Qualche accenno si può trarre già dai bilanci 2008: la milanese A2A ha visto le imposte correnti balzare da 97 a 261 milioni, la romana Acea da 115 a 155 milioni. "Gli effetti sono due: il primo riguarda il fatto che queste aziende potranno vedersi costrette a trasferire i maggiori oneri sulle bollette dei cittadini. D’altra parte, se si accontenteranno di margini inferiori, verseranno minori dividendi agli enti locali azionisti", osserva Tundo. E qui nasce il vero problema: mentre la Robin Tax ha evitato di colpire monopoli come le televisioni e le autostrade, rischia invece di penalizzare aziende che contribuiscono non poco a sostenere le finanze delle città, già private dell’Ici. "Non bisogna dimenticare, però, che sono proprio i comuni a fornire una serie di servizi pubblici essenziali, dagli asili all’assistenza agli anziani", dice Tundo.
LA BANCA SALVA Banche e assicurazioni sono l’altro settore nel mirino della Robin Tax. Anche in questo caso, però, gli effetti della manovra appaiono controversi. Se i tecnici di Tremonti si aspettavano un gettito aggiuntivo dalle Generali di Trieste, resteranno delusi. La compagnia nel 2008 ha contabilizzato in Italia imposte correnti per 90 milioni, a fronte dei 358 del 2007. Evidentemente le maggiori tasse da pagare sulle riserve non hanno compensato la frenata dei margini causata dalla crisi.

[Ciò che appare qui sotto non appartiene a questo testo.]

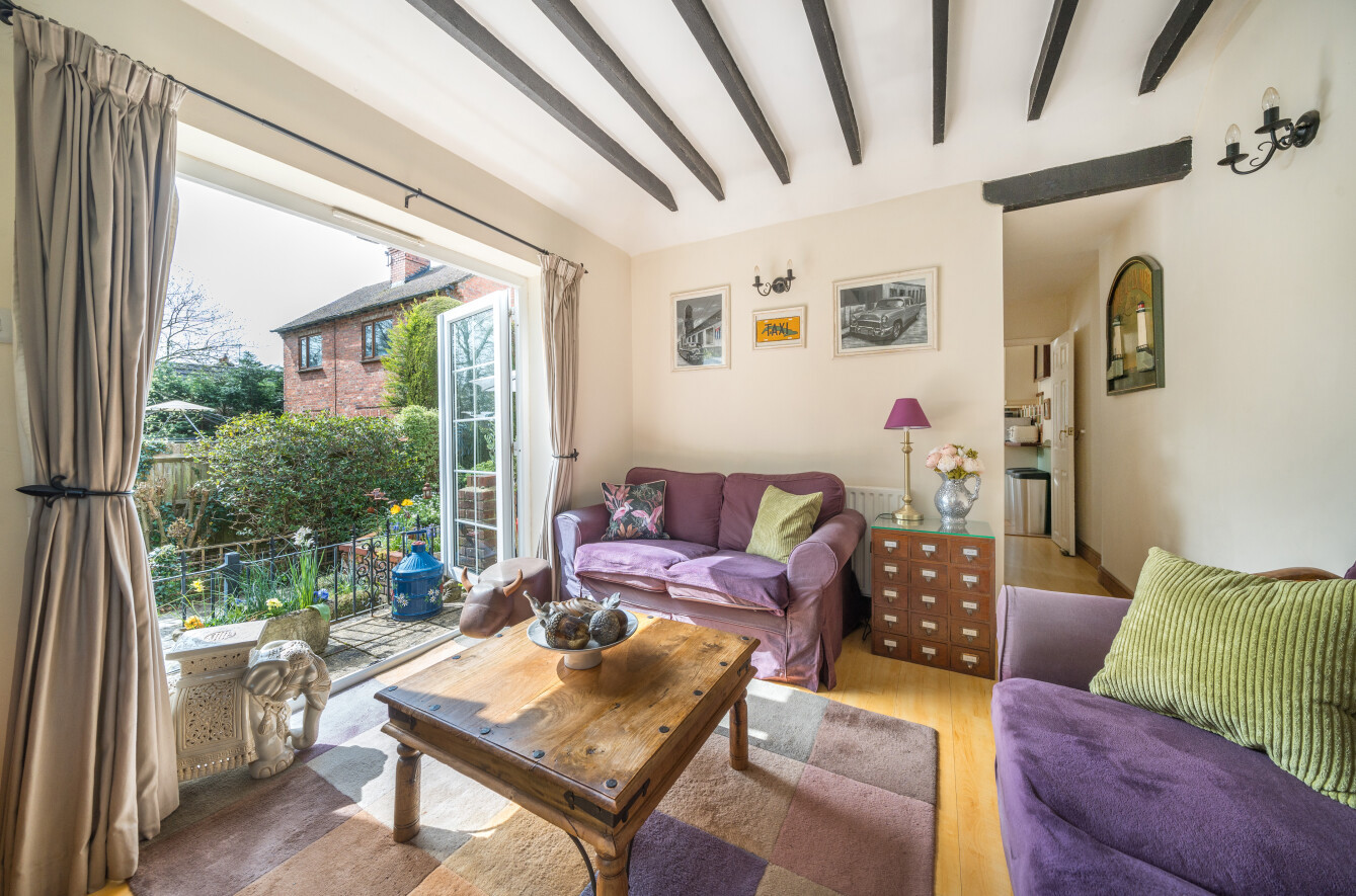 To the rear is a generous sitting room with central feature fireplace and patio doors opening onto a sunny courtyard patio area and the garden beyond.

Più articolato il discorso sulle banche, per le quali è stata allargata la base del reddito imponibile, riducendo la possibilità di dedurre gli interessi pagati sul denaro preso in prestito e i fondi accantonati a garanzia dei crediti. Dopo la Robin Tax, tuttavia, Tremonti ha dovuto far fronte a un nuovo imprevisto, la tempesta d’autunno sulle banche. E nel decreto anticrisi di novembre, in cambio di un’aliquota leggermente inasprita, ha reso più rapidamente deducibili una serie di ammortamenti. I bilanci di Intesa Sanpaolo e Unicredit, i due maggiori istituti italiani, rendono bene l’idea degli effetti. Le imposte correnti sono aumentate di 866 milioni per il gruppo guidato da Corrado Passera e di 1,04 miliardi per quello di Alessandro Profumo. Allo stesso tempo, però, grazie alla norma anti-crisi Intesa ha potuto mettere a bilancio futuri benefici fiscali per 2,1 miliardi, Unicredit per 2,4. Alla fine, così, sono tutti contenti. Le banche hanno ricevuto un sostegno essenziale per non far sprofondare l’utile, mentre Tremonti può subito mettere in cassa un po’ di quattrini. Per il futuro, poi, si vedrà.